A robot designed by an engineer from ARM has broken the world speed record for solving a Rubik’s Cube at the Big Bang Fair at the weekend.



The Cubestormer 3 robot recorded a time of 3.253 seconds at the UK science fair in Birmingham.

It is the result of 18 months of design work by co-inventors David Gilday, a principle engineer at ARM, and Mike Dobson, a security systems engineer for Securi-Plex.

The new record beats the existing time of 5.27 seconds set two years by the same team.

“We knew it had the potential to beat the existing record but with the robot performing physical operations quicker than the human eye can see there’s always an element of risk,” said David Gilday, “Our big challenge now is working out if it’s possible to make it go even faster.”

The robot is based on a Samsung Galaxy S4 smartphone powered by an Exynos 5 Octa application processor with an eight-core ARM big.LITTLE implementation featuring four Cortex-A15 and four Cortex-A7 processors.

The phone analyses the cube, calculates the correct sequence of moves and instructs four robotic hands to do the manipulations.
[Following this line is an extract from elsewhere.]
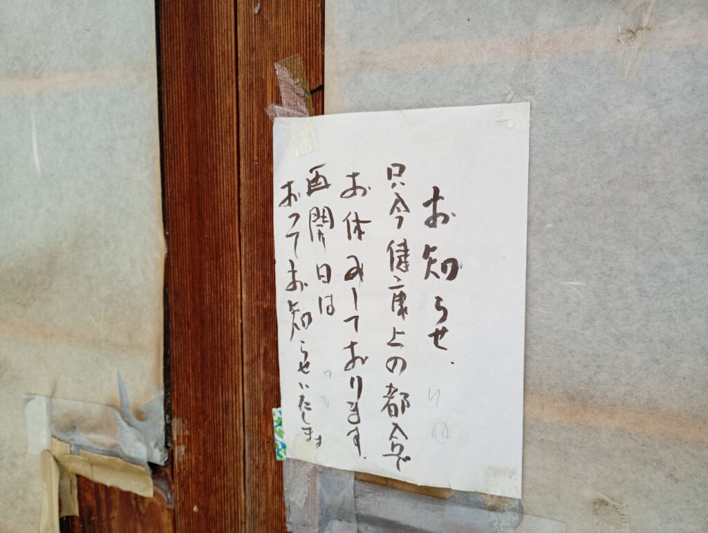 5月中旬に再訪いたしましたが、まだ再開の目処は立っていないようです。

ARM9 processors are also used in the eight Lego Mindstorms EV3 bricks which perform the motor sequencing and control.

The processor has to instruct the robot to carry out the moves. This is more complex than it seems because the cube design allows twists before the sides are fully-aligned.

“It means the robot is effectively mirroring the same kind of judgment and dexterity that a human speed cuber has to apply,” said Gilday.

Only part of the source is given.